» Work to complete
Narrow the data below down to the lines containing "like".

» Extracted entries
══════════

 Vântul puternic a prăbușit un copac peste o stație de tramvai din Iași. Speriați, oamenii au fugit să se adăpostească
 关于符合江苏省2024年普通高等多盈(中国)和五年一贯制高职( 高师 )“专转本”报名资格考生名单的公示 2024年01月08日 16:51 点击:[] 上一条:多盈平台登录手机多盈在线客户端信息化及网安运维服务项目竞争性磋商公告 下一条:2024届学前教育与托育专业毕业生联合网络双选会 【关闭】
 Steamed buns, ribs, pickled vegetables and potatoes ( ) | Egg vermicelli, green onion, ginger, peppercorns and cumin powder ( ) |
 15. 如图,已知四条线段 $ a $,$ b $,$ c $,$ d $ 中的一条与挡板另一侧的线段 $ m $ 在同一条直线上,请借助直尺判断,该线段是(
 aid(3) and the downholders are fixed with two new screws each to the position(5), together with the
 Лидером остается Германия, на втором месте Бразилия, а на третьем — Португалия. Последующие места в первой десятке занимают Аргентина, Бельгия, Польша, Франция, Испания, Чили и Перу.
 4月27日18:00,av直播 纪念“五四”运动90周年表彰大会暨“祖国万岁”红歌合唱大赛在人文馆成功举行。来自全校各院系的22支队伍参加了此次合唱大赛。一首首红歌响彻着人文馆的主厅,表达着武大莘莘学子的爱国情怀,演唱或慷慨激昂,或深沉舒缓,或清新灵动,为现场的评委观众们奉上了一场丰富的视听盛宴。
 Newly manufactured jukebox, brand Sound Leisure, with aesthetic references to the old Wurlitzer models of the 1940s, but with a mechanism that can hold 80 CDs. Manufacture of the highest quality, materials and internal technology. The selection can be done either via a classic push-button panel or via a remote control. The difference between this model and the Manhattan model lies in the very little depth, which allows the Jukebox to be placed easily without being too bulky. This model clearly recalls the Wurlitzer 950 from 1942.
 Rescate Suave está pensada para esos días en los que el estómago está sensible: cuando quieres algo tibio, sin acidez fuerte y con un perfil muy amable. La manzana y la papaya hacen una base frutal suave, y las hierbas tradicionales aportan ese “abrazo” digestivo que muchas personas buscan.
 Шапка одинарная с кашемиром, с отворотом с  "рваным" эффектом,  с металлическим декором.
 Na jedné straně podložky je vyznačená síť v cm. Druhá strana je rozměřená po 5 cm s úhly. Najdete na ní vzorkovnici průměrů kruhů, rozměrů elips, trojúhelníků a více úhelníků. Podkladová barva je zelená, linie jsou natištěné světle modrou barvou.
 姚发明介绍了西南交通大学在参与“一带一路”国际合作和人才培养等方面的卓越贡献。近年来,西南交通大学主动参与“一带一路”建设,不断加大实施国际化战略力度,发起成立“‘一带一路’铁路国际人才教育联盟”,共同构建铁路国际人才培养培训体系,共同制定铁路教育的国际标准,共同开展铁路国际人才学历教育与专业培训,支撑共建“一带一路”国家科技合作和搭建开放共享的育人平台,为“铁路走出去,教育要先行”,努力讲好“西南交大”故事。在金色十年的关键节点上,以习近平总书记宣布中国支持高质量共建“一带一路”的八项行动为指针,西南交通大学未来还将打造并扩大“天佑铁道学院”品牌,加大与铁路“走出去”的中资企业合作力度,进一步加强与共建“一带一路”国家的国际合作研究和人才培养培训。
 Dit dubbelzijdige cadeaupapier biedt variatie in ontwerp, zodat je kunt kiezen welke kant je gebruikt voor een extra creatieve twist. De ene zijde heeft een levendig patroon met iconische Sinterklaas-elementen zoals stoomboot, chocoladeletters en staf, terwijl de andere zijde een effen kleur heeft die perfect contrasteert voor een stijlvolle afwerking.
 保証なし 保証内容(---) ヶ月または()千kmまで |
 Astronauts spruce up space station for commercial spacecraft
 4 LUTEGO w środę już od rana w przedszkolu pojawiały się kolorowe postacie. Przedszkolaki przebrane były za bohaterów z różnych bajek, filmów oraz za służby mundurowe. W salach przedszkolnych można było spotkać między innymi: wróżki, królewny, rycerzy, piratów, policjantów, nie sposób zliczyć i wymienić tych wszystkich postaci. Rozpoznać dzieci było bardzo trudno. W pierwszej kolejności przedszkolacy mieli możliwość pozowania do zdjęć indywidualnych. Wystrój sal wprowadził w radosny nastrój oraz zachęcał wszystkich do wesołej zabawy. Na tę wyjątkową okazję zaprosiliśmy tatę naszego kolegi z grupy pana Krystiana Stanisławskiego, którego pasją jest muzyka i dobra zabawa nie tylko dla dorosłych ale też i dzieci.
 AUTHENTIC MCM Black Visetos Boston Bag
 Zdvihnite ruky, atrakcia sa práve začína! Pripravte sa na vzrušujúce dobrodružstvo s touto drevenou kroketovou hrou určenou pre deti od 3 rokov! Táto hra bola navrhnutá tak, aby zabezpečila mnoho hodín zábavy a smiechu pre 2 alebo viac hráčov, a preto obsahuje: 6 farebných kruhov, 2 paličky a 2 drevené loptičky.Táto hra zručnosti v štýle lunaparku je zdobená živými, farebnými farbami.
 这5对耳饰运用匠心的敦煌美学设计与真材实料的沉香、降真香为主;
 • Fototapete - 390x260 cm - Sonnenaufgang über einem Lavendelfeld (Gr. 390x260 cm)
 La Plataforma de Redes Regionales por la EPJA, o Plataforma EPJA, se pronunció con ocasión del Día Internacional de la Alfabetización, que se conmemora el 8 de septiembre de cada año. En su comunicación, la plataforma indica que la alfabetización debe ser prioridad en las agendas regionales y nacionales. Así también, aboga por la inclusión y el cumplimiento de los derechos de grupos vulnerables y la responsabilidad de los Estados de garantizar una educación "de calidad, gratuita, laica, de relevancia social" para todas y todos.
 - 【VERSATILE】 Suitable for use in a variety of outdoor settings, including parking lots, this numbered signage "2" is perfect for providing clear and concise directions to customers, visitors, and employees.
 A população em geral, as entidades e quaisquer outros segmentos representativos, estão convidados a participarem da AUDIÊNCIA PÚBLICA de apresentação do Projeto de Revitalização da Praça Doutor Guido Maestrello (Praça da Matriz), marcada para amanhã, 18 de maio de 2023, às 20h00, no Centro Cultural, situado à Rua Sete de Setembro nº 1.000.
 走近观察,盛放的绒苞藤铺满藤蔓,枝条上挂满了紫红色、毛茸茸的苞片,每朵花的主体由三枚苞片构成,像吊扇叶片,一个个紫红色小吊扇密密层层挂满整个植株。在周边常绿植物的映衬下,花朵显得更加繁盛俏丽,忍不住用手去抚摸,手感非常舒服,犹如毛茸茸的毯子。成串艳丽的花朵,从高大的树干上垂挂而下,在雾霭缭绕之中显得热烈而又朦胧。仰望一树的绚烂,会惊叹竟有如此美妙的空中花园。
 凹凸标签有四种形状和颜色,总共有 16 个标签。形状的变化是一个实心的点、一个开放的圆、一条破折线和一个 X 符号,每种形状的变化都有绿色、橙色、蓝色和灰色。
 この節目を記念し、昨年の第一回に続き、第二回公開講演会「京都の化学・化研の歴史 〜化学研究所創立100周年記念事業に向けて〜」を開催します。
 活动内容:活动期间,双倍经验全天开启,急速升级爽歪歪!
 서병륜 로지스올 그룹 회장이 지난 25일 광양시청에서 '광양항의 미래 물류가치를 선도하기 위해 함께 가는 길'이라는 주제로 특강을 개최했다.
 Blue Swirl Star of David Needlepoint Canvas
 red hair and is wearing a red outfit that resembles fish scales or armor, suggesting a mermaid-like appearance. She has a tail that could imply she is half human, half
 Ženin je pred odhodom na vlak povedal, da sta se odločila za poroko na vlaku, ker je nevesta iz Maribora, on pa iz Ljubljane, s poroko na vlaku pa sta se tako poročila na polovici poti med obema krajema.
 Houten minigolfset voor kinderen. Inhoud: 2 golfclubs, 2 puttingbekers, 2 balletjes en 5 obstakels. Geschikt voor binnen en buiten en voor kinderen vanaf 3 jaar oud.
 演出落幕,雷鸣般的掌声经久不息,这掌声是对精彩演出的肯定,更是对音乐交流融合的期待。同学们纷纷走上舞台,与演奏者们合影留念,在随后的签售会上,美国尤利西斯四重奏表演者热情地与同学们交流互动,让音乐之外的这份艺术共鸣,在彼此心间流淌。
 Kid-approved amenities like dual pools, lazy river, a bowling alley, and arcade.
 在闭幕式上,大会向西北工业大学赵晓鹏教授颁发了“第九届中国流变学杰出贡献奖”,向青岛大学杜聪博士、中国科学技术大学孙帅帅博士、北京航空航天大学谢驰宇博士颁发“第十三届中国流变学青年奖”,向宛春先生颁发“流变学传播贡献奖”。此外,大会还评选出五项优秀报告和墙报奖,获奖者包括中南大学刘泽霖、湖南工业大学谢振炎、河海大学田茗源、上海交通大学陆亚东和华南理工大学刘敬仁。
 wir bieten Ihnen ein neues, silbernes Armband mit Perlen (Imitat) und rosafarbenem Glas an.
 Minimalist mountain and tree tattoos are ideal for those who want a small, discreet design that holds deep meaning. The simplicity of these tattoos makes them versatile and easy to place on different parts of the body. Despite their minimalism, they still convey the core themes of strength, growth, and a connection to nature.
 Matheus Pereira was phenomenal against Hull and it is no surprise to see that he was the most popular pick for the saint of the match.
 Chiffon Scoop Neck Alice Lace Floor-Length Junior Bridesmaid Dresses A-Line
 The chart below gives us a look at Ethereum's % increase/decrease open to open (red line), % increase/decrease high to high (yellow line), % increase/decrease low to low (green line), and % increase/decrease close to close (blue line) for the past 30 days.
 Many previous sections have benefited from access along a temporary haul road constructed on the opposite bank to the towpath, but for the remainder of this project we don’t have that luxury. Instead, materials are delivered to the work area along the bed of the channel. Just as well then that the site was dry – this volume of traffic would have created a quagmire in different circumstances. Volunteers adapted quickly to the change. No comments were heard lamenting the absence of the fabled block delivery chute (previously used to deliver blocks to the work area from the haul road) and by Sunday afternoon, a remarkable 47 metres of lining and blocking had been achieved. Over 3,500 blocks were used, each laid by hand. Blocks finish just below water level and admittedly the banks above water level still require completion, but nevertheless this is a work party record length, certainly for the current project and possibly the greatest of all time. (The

══════════

» Final answer
 red hair and is wearing a red outfit that resembles fish scales or armor, suggesting a mermaid-like appearance. She has a tail that could imply she is half human, half
 Kid-approved amenities like dual pools, lazy river, a bowling alley, and arcade.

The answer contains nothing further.